For beverage companies, the takeaway is clear: deep collaboration with an aluminum packaging partner can simultaneously move the carbon needle, drive brand value, and sustain supply chain reliability.

Global recycling reality: aluminum’s economic engine

Recycling performance drives aluminum’s lifecycle advantage.

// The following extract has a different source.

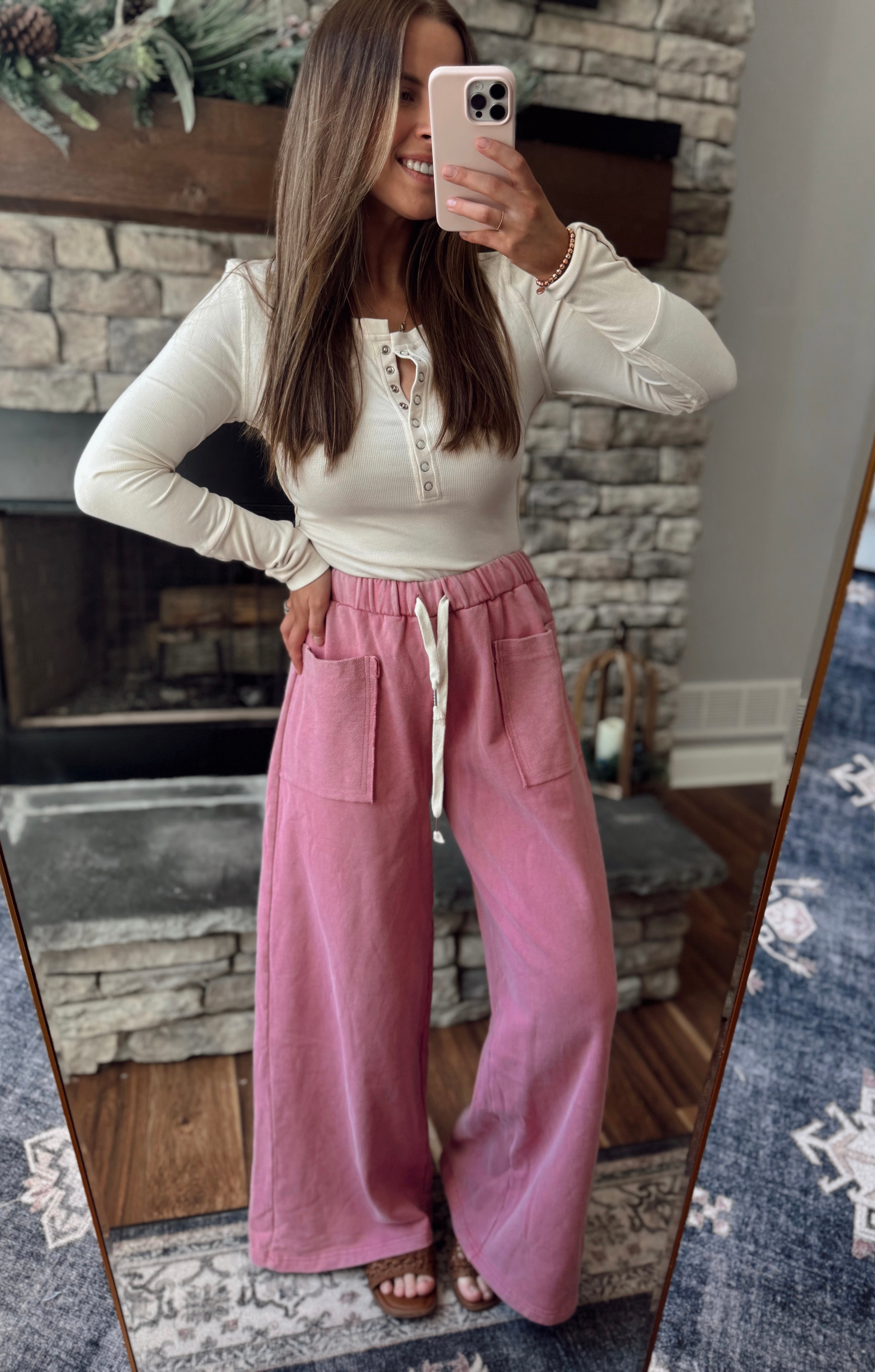 Slay The Day Dusty Pink Wide Leg Sweat Pant

Ball’s sustainability reporting and public sources (RESEARCH-BALL-001) show:

  • United States: aluminum can recycling rate ~75% vs PET bottles ~29% vs glass ~31%.
  • European Union: aluminum ~82% (Germany ~98% with strong deposit systems), PET ~48%, glass ~76%.
  • Japan: aluminum ~93%, PET ~88% (unique high performance), glass varies.
  • Brazil: aluminum ~97%—the highest globally—driven by strong economic incentives and an active informal recycling network.
  • Economics: scrap aluminum ~$1,400/ton vs PET ~ $300/ton vs glass ~ $50/ton—aluminum’s value is 4.7× PET and 28× glass.
  • Loop speed: aluminum ~60-day “can-to-can” cycle; PET often ~6–9 months due to sorting complexity and downcycling constraints.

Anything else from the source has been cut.